__TO DO__. What you write must be the listing below in full, word for word, minus its pictures.

__INFORMATION SUPPLIED__.
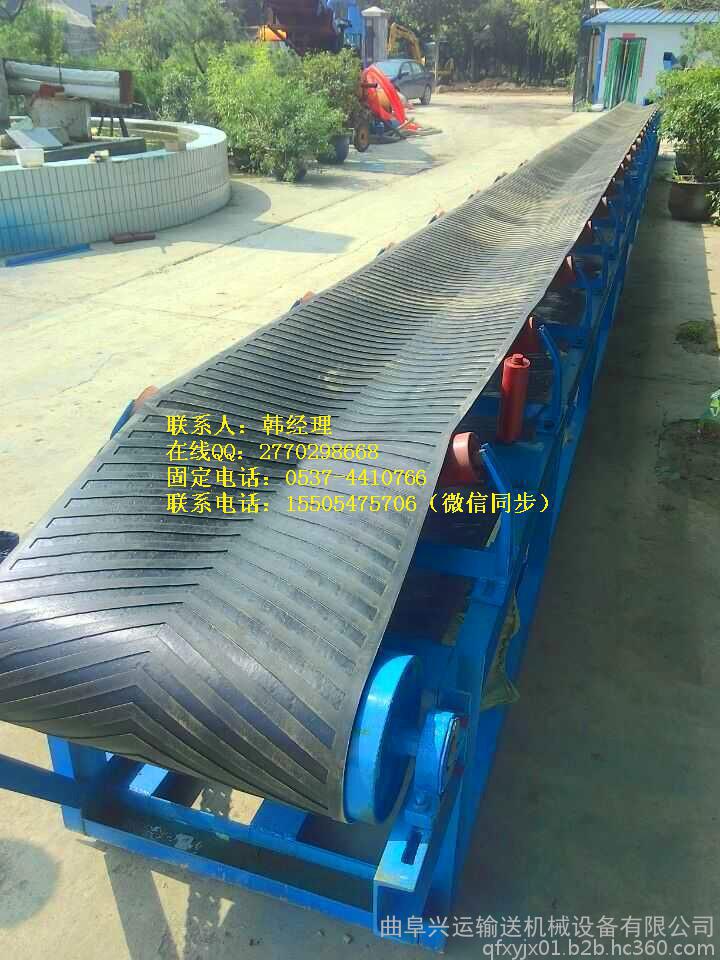 2、根据用户输送量的大小有不同宽度的皮带可供用户选用,而且还可以在机身尾部加装导料槽和挡板,避免了用户投料时物料滚落,设计更加合理和人性化。这种方式的设计多被用来输送一些粉状或者颗粒状的物料,如粮食、矿物粉料颗粒等。
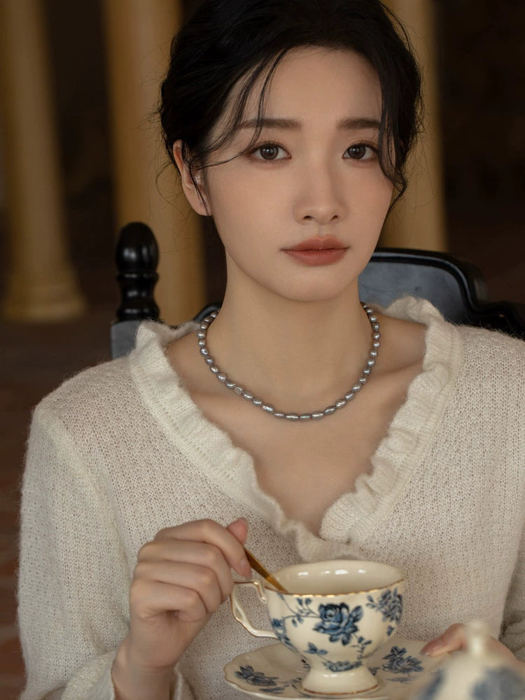 Natural Freshwater Pearl Necklace Handwoven Lace Small Pearl Choker Necklace
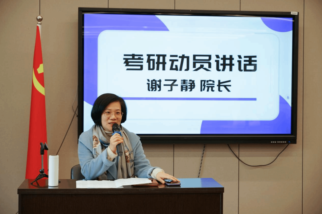 2025届考研动员大会上,谢子静院长发表动员讲话,院长首先结合历年考研统计数据,分析了考研面临的新形势。其次,她从不同层面强调了考研的重要意义,包括国家层面对研究生教育的重视与推进,专业层面通过深造才能更好地满足社会需求,个人层面争取向上发展的空间,提升个人就业竞争力的必要性。最后,谢院长希望同学们早选择,尽早准备,在考研的道路上坚定前行,让青春在奋斗中绽放绚丽之花。

__RESULT BELOW__.
 2、根据用户输送量的大小有不同宽度的皮带可供用户选用,而且还可以在机身尾部加装导料槽和挡板,避免了用户投料时物料滚落,设计更加合理和人性化。这种方式的设计多被用来输送一些粉状或者颗粒状的物料,如粮食、矿物粉料颗粒等。
 Natural Freshwater Pearl Necklace Handwoven Lace Small Pearl Choker Necklace
 2025届考研动员大会上,谢子静院长发表动员讲话,院长首先结合历年考研统计数据,分析了考研面临的新形势。其次,她从不同层面强调了考研的重要意义,包括国家层面对研究生教育的重视与推进,专业层面通过深造才能更好地满足社会需求,个人层面争取向上发展的空间,提升个人就业竞争力的必要性。最后,谢院长希望同学们早选择,尽早准备,在考研的道路上坚定前行,让青春在奋斗中绽放绚丽之花。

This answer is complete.